-- Problem to work on --
From the listing below, copy only the lines from the line that contains "центральную часть храма." to the line that contains "Kiváló hőszigetelésű műanyag", counting those two lines as part of the copy.

-- Data shown --
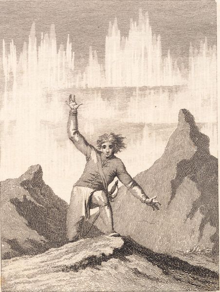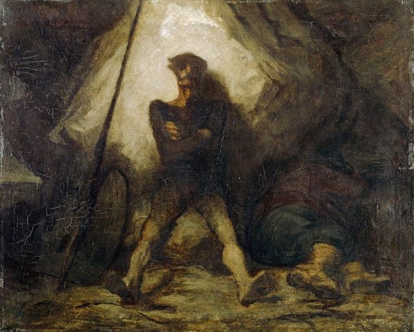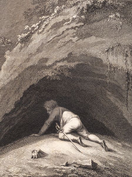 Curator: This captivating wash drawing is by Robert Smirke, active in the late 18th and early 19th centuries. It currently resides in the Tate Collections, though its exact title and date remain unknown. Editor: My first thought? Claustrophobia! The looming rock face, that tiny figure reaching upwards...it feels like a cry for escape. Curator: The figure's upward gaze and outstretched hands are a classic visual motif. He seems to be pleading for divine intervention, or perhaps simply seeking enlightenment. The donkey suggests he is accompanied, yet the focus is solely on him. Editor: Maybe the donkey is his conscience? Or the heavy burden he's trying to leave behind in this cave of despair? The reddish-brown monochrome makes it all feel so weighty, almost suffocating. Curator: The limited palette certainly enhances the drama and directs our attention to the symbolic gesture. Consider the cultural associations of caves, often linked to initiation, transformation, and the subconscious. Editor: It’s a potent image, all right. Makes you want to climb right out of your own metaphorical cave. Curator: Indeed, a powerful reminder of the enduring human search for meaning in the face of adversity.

==

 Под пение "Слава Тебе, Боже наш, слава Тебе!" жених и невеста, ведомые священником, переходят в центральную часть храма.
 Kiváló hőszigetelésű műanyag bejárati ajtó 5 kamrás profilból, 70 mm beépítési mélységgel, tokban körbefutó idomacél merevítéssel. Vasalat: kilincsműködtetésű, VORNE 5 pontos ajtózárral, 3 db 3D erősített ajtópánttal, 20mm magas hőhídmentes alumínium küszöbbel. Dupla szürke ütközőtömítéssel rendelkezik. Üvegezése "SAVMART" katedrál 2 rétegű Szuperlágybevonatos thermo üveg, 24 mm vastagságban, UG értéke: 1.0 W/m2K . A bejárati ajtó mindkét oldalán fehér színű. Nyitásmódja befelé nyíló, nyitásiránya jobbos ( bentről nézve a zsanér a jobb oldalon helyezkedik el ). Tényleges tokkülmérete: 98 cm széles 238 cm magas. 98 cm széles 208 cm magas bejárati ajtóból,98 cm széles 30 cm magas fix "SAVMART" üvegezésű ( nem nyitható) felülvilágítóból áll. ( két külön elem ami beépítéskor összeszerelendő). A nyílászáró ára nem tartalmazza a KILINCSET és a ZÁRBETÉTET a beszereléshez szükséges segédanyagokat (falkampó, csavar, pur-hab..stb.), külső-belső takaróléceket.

-- Answer section --
 Под пение "Слава Тебе, Боже наш, слава Тебе!" жених и невеста, ведомые священником, переходят в центральную часть храма.
 Kiváló hőszigetelésű műanyag bejárati ajtó 5 kamrás profilból, 70 mm beépítési mélységgel, tokban körbefutó idomacél merevítéssel. Vasalat: kilincsműködtetésű, VORNE 5 pontos ajtózárral, 3 db 3D erősített ajtópánttal, 20mm magas hőhídmentes alumínium küszöbbel. Dupla szürke ütközőtömítéssel rendelkezik. Üvegezése "SAVMART" katedrál 2 rétegű Szuperlágybevonatos thermo üveg, 24 mm vastagságban, UG értéke: 1.0 W/m2K . A bejárati ajtó mindkét oldalán fehér színű. Nyitásmódja befelé nyíló, nyitásiránya jobbos ( bentről nézve a zsanér a jobb oldalon helyezkedik el ). Tényleges tokkülmérete: 98 cm széles 238 cm magas. 98 cm széles 208 cm magas bejárati ajtóból,98 cm széles 30 cm magas fix "SAVMART" üvegezésű ( nem nyitható) felülvilágítóból áll. ( két külön elem ami beépítéskor összeszerelendő). A nyílászáró ára nem tartalmazza a KILINCSET és a ZÁRBETÉTET a beszereléshez szükséges segédanyagokat (falkampó, csavar, pur-hab..stb.), külső-belső takaróléceket.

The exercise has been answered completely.